Les chapiteaux voient le jour aux alentours de 1830 pour atteindre leur apogée avec le cirque Barnum and Bailey aux États-Unis et avec le cirque de « Lord » George Sanger en Grande-Bretagne. Le premier des deux, à l'époque où Phineas Taylor Barnum (1810-1891) acheta l'éléphant Jumbo (1882), pouvait accueillir jusqu'à 20 000 spectateurs. Il comprenait, comme c'est la tradition aux États-Unis, trois pistes sur lesquelles on exécutait simultanément trois spectacles différents. Des plates-formes installées entre les pistes ainsi que sur les côtés permettaient d'exécuter d'autres numéros, et une grande piste équestre où avaient lieu parades, courses et défilés courait tout autour des trois pistes. Alors que cette disposition se maintient aujourd'hui dans un certain nombre de cirques aux États-Unis, elle ne fut jamais vraiment appréciée par le public européen, qui lui préfère la piste unique.

Le cirque contemporain

On peut dater la naissance du cirque contemporain à 1871, année où l'Américain Barnum fonda la World's Fair, gigantesque cirque ambulant que son associé William C. Coup (1837-1895) transformera quelques années plus tard en Greatest Show on Earth. Avec son chapiteau géant, ses cavalcades de centaines d'animaux, son rayonnement international soutenu par la presse et l'affichage, ses vedettes plus (Buffalo Bill) ou moins (la nourrice noire de Washington) authentiques, le Greatest Show (disparu en 1956) marquait l'avènement d'un nouveau type de cirque, rationalisé et appuyé sur d'énormes moyens financiers.

À partir de 1900, le cirque traditionnel, dont la décadence est déjà sensible en France et en Angleterre, lutte péniblement contre la concurrence du music-hall, qui lui enlève public et artistes. Depuis 1920, la formule des grands chapiteaux ambulants s'est particulièrement développée, comme celui de l'Allemand Sarrasani (1873-1934), les cirques Amar, Bouglione et Pinder. Au cours du xxe s., le cirque est devenu une grande entreprise industrielle et les petits cirques artisanaux ont aujourd'hui presque tous disparu.
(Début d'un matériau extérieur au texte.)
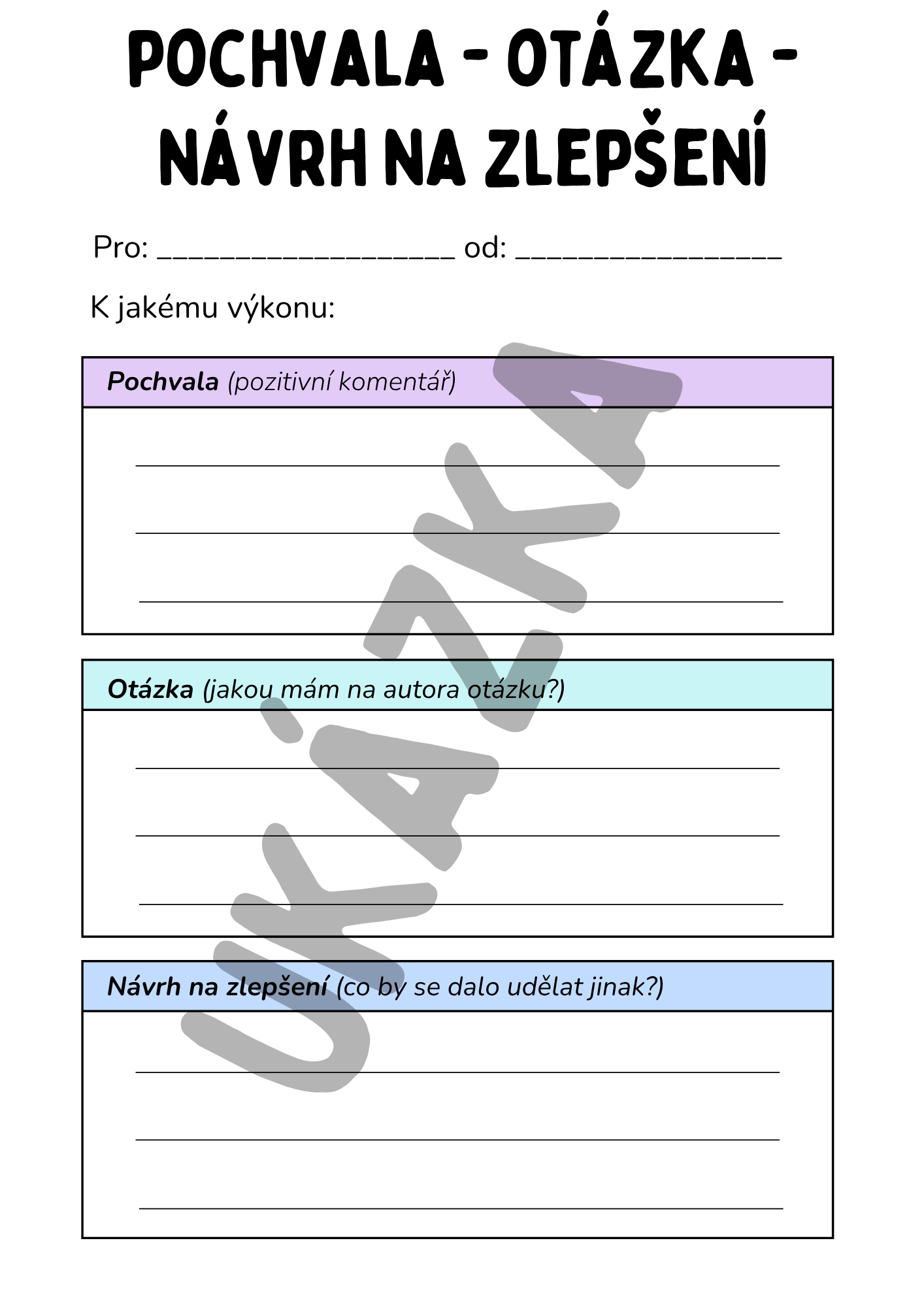Šablony poskytují žákům rámec a strukturu pro poskytování zpětné vazby (např. Kde přesně má být pochvala a kde návrh na zlepšení?).
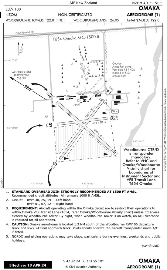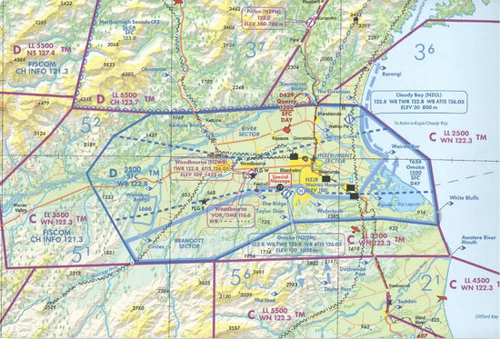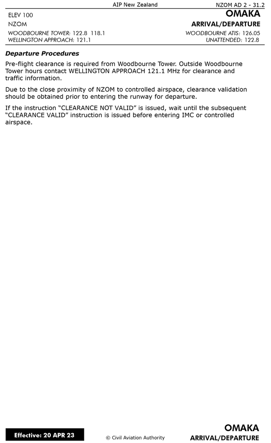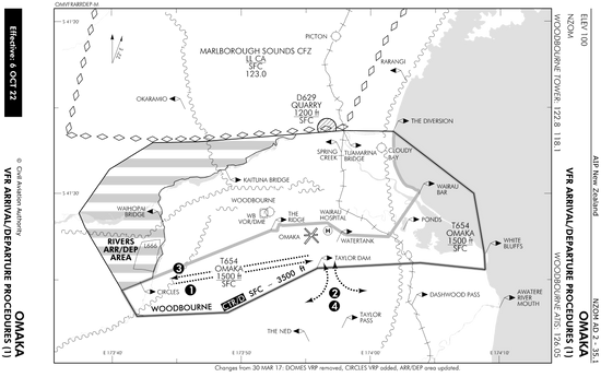 If joining from the West descend to 2500ft or below and call Woodbourne Tower on 122.80 at Wairau Valley Township and request a Rivers Arrival (see Omaka Landing Plates below). Acquire the Woodbourne ATIS on 126.05 prior to requesting clearance.
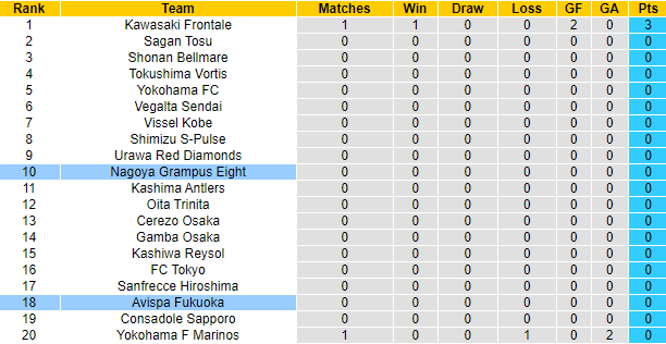 Avispa Fukuoka là tân binh mới thăng hạng tại giải VĐQG Nhật Bản mùa này. Ngay vòng đấu mở màn, Avispa Fukuoka đã phải đối đầu khắc tinh Nagoya Grampus. Trong vòng 9 trận đối đầu Nagoya Grampus trong quá khứ, Avispa Fukuoka thua 6, hoà 2 và chỉ thắng được 1 trận.

Dans le cirque actuel, les arts équestres, qui sont pourtant à l'origine de cette activité, tiennent une moindre part (même si certains cirques, comme celui animé, en France, par la troupe Zingaro [Bartabas], ne se consacrent qu'aux arts équestres). Bien des cirques donnent des spectacles qui ressemblent à des revues de music-hall. Cependant, à aucun moment de son histoire le cirque n'a offert une telle profusion et une telle diversité de numéros, comme en témoigne le Festival mondial de Monte-Carlo, grand rendez-vous annuel de la profession. Les artistes y accomplissent fréquemment des exploits que leurs prédécesseurs n'auraient jamais crus possibles : le trapéziste américain Don Martinez, par exemple, exécutait couramment un triple saut périlleux et demi avec son partenaire ; le célèbre cirque Knie, en Suisse, présentait un tigre dressé à chevaucher un rhinocéros, et une girafe et un hippopotame se sont produits dans des numéros. Les années 1980 sont marquées par des expériences de renouvellement multiples, comme celles d'Archaos et du cirque Plume en France, ou le cirque du Soleil au Canada. En 1990 s'est créé à Montréal, au Canada, la Fédération mondiale des écoles de cirque. Depuis le cirque n’a eu de cesse de se diversifier et, dans un vent de liberté, s’est ouvert aux autres arts.